[OSM-talk] Clarifying and representing road markings at junctions

David Earl david at frankieandshadow.com
Thu Oct 1 12:35:40 BST 2009


On 01/10/2009 11:47, Roy Wallace wrote:
> On Thu, Oct 1, 2009 at 8:05 PM, David Earl <david at frankieandshadow.com> wrote:
>> It shows visually which the "main" road is at the junction and is a good
>> model of the physical arrangement.
> 
> IMHO it does not *explicitly* show the "continuations of roads at the
> junction". And even if you do think it works "visually", that is not
> sufficient - there are many uses for OSM data.
> 
>>> b) it makes a single *way* continue through the intersection.
>> err, no. If the road has the same name around the corner it can do. If the
>> minor but straight on road has the same name it could be a continuous way,
>> but I would normally break it at that point, not least so the name of the
>> "minor" road is clear. But where ways break is of no significance - you have
>> to break ways at all sorts of places because of changes in the environment
>> like speed limits, starts of bridges etc.
> 
> Ah, so are you saying that, in Martin's attached image, the red way
> and the yellow way should/could meet at the junction? If so, then IMHO
> it is even *less* clear that, e.g. traveling from the red to the grey
> way is a left turn, whereas traveling from the red way to the yellow
> way is uninterrupted.....

No I was referring to the real examples I quoted.

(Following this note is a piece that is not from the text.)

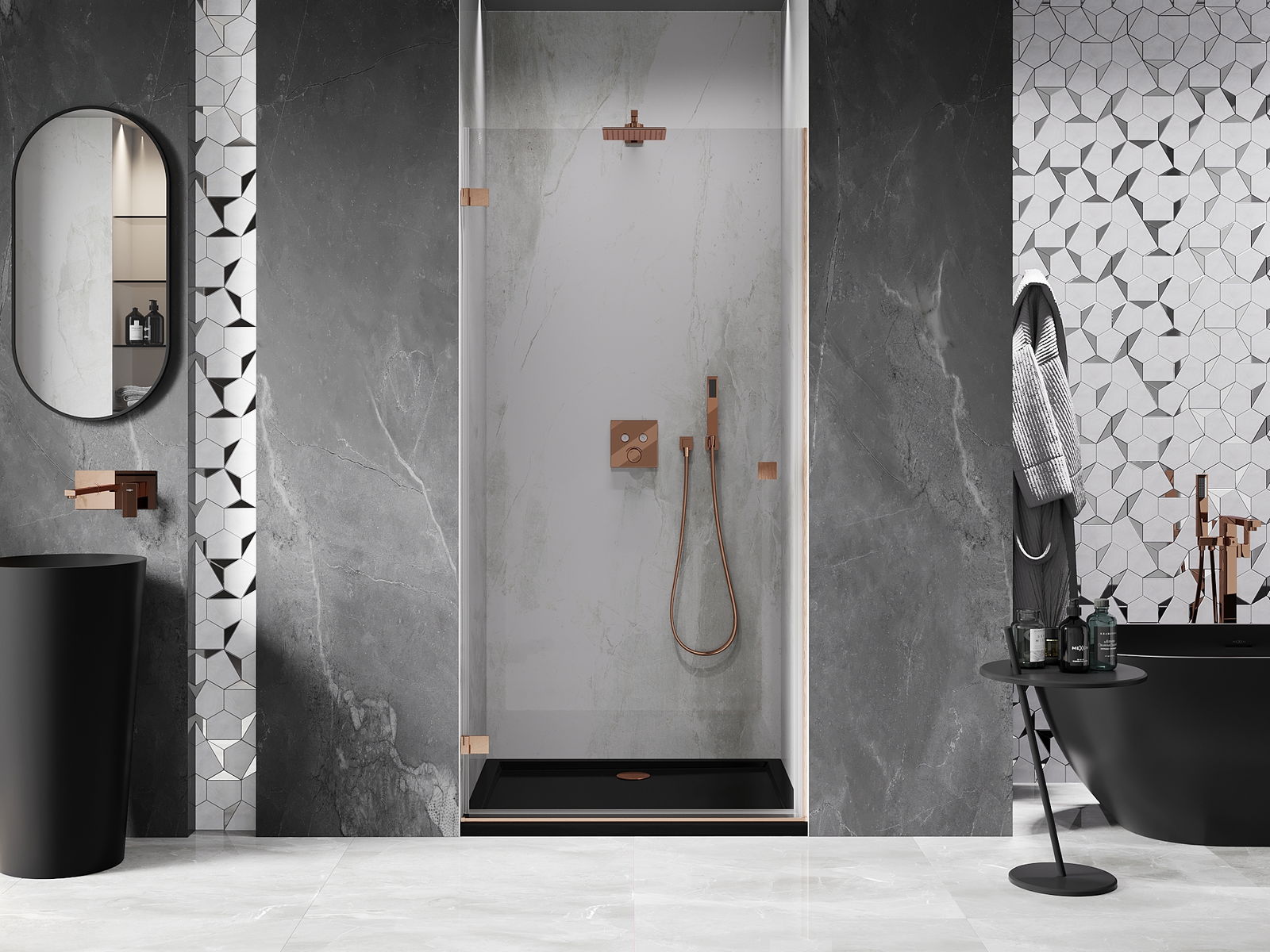 Det praktiska och bekväma handtaget är tillverkat av hållbar och tålig metall. Den moderna formen i kombination med en finish som matchar profilernas färg ger helheten ett modernt och stilfullt utseende, samtidigt som det framhäver estetiken i varje badrum.

>> I think anyone looking at it would understand the arrangement on the ground,
>> and it does model the situation as I see it.
> 
> Don't be fooled - people are not the only ones that "look" at OSM data.

I don't understand this at all. I am just mapping what I see on the 
ground. And please don't patronise, I'm well aware of the uses of OSM 
data and have contributed to many of them.

The main road goes round a corner (and may or may not share the same 
name). I represent the corner even though there may be a straight kerb 
line on one side, when curvature exists e.g. on the opposite kerb or in 
the white lining.

The slight curve before the side road branches off might possibly allow 
a bright routing algorithm to describe it more accurately. But I think 
there would be ambiguity here independent of any mapping, because 
"straight on" is somewhat ambiguous, especially when it's not a complete 
right angle turn as sometimes happens.

In English I think I'd want to be told "follow the road round to the 
left" or some such in these circumstances, not a simple "turn left". A T 
junction certainly wouldn't achieve that possibility without more 
information. An explicit tagging would. But in the absence of that, 
modelling what's on the ground goes some way.